City of Fortaleza, Ceará, Brazil.

Study design

A matched case-control study was conducted (1:2), by sex, age (± 5 years) and neighborhood.

Cases were chikungunya associated deaths between January 1 and December 31, 2017, which were laboratory confirmed by serology (IGM) or by RT-PCR. In the same way, controls were laboratory confirmed CHIK patients (IgM and / or RT-PCR), which occurred in the city of Fortaleza in the same period but did not progress to death. These controls were randomly selected among eligible cases (according to sex and age) reported in the same neighborhood as the deaths, using the Brazilian Ministry of Health disease notification system (SINAN online).
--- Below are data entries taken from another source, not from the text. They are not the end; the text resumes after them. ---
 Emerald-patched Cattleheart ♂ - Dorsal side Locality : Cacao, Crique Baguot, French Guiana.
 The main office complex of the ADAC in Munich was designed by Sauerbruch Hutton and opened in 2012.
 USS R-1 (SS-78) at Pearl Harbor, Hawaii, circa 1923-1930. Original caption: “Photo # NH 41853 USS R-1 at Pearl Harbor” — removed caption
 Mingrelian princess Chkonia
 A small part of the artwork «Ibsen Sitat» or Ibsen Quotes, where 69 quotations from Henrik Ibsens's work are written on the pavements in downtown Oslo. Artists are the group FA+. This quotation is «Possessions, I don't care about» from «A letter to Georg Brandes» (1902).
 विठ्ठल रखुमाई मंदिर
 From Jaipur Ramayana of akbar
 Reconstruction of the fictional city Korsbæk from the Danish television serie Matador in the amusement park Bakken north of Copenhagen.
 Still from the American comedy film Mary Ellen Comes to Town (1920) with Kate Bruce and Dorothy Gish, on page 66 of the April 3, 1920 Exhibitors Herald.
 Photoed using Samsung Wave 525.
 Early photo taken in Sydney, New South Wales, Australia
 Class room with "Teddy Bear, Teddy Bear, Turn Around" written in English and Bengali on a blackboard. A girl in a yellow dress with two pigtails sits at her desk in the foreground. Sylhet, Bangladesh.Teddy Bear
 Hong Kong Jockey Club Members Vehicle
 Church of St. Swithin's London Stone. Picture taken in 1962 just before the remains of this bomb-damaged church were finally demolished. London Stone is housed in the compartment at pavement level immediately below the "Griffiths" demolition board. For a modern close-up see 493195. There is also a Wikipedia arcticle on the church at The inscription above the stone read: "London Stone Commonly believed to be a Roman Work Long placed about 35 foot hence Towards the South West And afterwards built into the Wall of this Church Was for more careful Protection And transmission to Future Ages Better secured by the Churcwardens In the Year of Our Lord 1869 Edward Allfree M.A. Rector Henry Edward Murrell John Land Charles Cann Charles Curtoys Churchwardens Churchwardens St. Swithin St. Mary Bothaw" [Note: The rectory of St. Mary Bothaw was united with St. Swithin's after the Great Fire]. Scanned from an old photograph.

Source and procedure for data collection

The data were collected by a trained nurse who administered a semi-structured questionnaire during home visits to the controls and to the family members of cases (deaths). The interviews took place between August 2017 and September 2018, after signing an informed consent form. The SINAN database for the city of Fortaleza / CE was used in order to identify the addresses of deaths and confirmed cases.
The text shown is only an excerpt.